Effects of transition metal oxide and Ni addition on the hydrogen-storage properties of Mg

Abstract

Mg-based hydrogen-storage materials with the compositions of Mg–10 wt%oxide (oxide = Cr2O3, Fe2O3, MnO, and SiO2) and Mg–xFe2O3–yNi were prepared by reactive mechanical grinding (RMG). Taking into consideration the hydriding and dehydriding rates and the cost of materials, Fe2O3 prepared by spray conversion is an appropriate oxide additive to Mg. Mg–5 wt%Fe2O3–15 wt%Ni exhibited the best hydrogen-storage performance among the Mg–xFe2O3–yNi hydrogen materials. It stored 5.47 wt%H under 1.2 MPa H2 for 60 min and released 5.42 wt%H under 0.1 MPa H2 for 15 min at 593 K. The addition of Fe2O3 and Ni to Mg by the RMG shortens the diffusion distances through the reduction of the particle size of Mg.
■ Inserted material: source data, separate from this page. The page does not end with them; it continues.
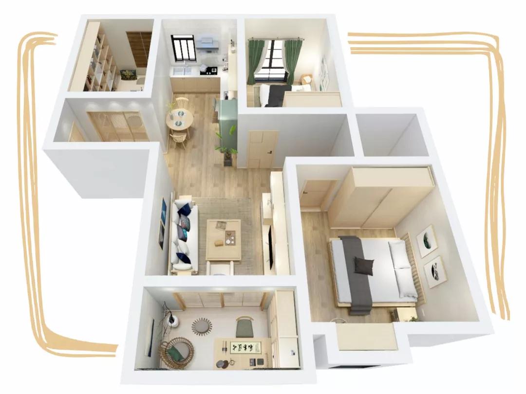 设计风格以简约风为主,带点时尚气息,最好能加入一些中国元素。虽然家里面积不大,但还是希望可以有一间独立茶室和书房,方便夫妻俩品茶聊天和练字。另外,还得保证家里的收纳面积要足够大。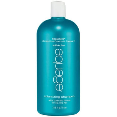 Aquage SeaExtend Volumizing Shampoo / 33.8 oz. Aquage SeaExtend Volumizing Shampoo is a must-have for salons and spas. The 33.8 oz bottle is designed to enhance natural volume, body, and strand vitality of fine, thin, or lifeless hair. It features an intensive blend of sea botanicals, known as SeaExtend, that helps to seal the cuticle and lock in color molecules for long-lasting color results. The shampoo also features SeaExtend Thermal-V Technology, a sea-derived enzymatic complex that protects hair from heat damage. AlgaePlex sea botanicals and Algasilk work together to restore color-treated hair to its optimum health with exceptional shine and feel. With UVA/UVB sunscreens, this volumizing shampoo helps to prevent fading and environmental damage. It is cruelty-free and free of gluten, parabens, sodium chloride, and sulfates, making it a safe and effective choice for your clients. Plus, Aquage is 100% plastic neutral, collecting 28% more plastic than they use and preventing 2.5 million plastic bottles from entering the ocean each year.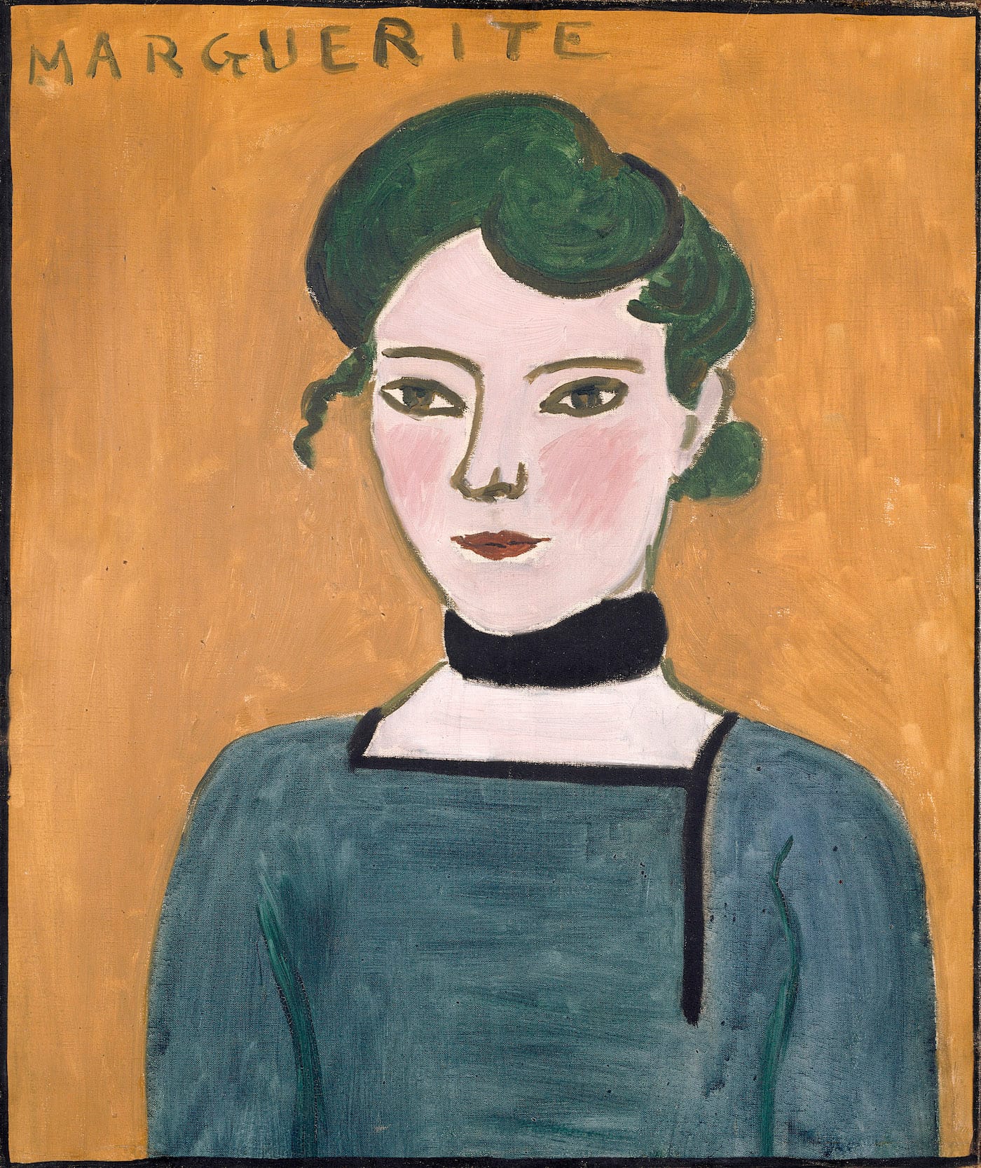 The tribal sculptures also inspired Matisse to reinterpret portraits. In painting his 13-year-old daughter, “Marguerite” (1906-07), he wanted to evoke the emotions of innocence and childhood. So he created her portrait with the simplicity of a child’s painting with flattened features, minimal details, and even what seems like a mistake — a profile nose on a frontal face. Even the letters of Marguerite’s name across the top are scrawled as though an inexperienced hand drew them.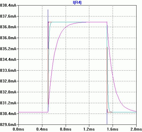 Hallo liebe Elektronikfachleute, mich beschäftigt momentan folgendes Problem: Ich benötige eine Konstantstromsenke (KSS) für ca. 800mA. Die Schaltung soll relativ genau arbeiten und über einen großen Temperaturbereich funktionieren. Ich habe deshalb auf einen temperaturkompensierten TLV431 als Referenz zurückgegriffen und die abgebildete Schaltung aufgebaut. Hier eine etwas genauere Erklärung: - Die KSS wird aktiviert über den Transistor T8. Dieser zieht die Basis von T4 auf Masse und das Potential an R35 und R46 steigt damit auf VCC (ca. +20V). - Die Zenerdiode DZ5 dient lediglich dazu den TLV431 zu schützen, denn dieser verträgt lediglich 7V Differenzspannung zwischen Anode und Katode. - Der Kondensator C10=100nF soll das Einschalten der KSS etwas verlangsamen und auch die Regelung stabiler machen. - Mit dem Transistor T11 kann man den Strom der KSS nahezu verdoppeln, indem die Spannung am REF-Anschluss des TLV431 halbiert wird. An den Sense-Widerständen müssen demnach ca. 2,50V abfallen bis der TLV431 reagiert, anstatt 1,25V (--> I steigt auf ca. 1,60A). Laut Simulation in LTSpice funktioniert die Schaltung ohne Probleme. --> In der Praxis ist dies aber leider nicht der Fall! Ich habe die Schaltung gelayoutet und eine Prototypenplatine anfertigen lassen. Nach der Bestückung habe ich einige Tests durchgeführt, leider mit katastrophalem Ergebnis. Problem: Es kommt zu heftigen Schwingungen des Ausgangsstroms! Der Ausgangsstrom sollte eigentlich ca. 800mA betragen, jedoch schwingt dieser in der Realität zwischen ca. 300mA und 1,3A mit einer Frequenz von ca. 50MHz!!! Es liegt mit Sicherheit kein Bestückungsfehler vor, ... denn ich habe alles mehrfach kontrolliert und auch mehrfach aufgebaut. --> Es zeigt sich immer das gleiche Verhalten. Fragen: - Was haltet Ihr im Allgemeinen von dieser Schaltungsidee für eine derartige KSS. Ist in der Praxis mit Problemen zu rechnen? - Könnt Ihr mir erklären wieso es zu diesem Regelschwingen kommt und was man am sinnvollsten dagegen machen kann? --> Eine logische Erklärung mit einer strukturierten Vorgehensweise zur Problemlösung wäre für mich wirklich !sehr sehr! interessant. Beispiel: TLV431 schneller machen (wie?), MOSFET verlangsamen (wie?), weil (Begründung) ... Mögliche Lösungsansätze: Heute habe ich bereits mehrere kleine Modifikationen und Optimierungen an der Schaltung durchgeführt und es ist mir dabei auch gelungen die KSS zu stabilisieren (keine Schwingungen mehr). Diese !zwei! gefundenen Lösungsansätze sind mehr oder weniger durch herumprobieren entstanden und daher sehr fragwürdig. Ich kann das Verhalten nicht nachvollziehen und habe daher auch kein Vertrauen dazu. --> Es ist wirklich extrem wichtig, dass diese Schaltung in der Praxis zuverlässig und störungsfrei funktioniert (ohne Regelschwingen) und dies auch unter Berücksichtigung der möglichen Bauelementtoleranzen, Temperatureinflüsse, ... Ansatz 1: Das Weglassen von C10 bzw. die Reduzierung von C10 auf unter 20nF beendet das Regelschwingen. Ansatz 2: R37 auf 0Ohm reduzieren in Kombination mit einem 100nF Kondensator zwischen Gate und Source des MOSFET (einzeln bewirken diese Maßnahmen nichts, nur in dieser Kombination). --> Leider wird durch die Reduzierung von R37 auf 0OHM die oben beschriebene Funktionalität der Stromverdopplung über T11 unmöglich (wäre sehr schade)! Ich bitte euch um ausführliche und kompetente Antworten (bitte keine vagen Vermutungen äußern). Vielen Dank im Voraus Mit freundlichen Grüßen Bushracer

These additives are also considered to facilitate nucleation by creating many defects on the surface and in the interior of Mg. The added Fe2O3 and Ni themselves may also act as active sites for the nucleation. Ni forms the Mg2Ni phase by a reaction with Mg, and Fe appears from the reduction of Fe2O3 by hydrogen after hydriding–dehydriding cycling.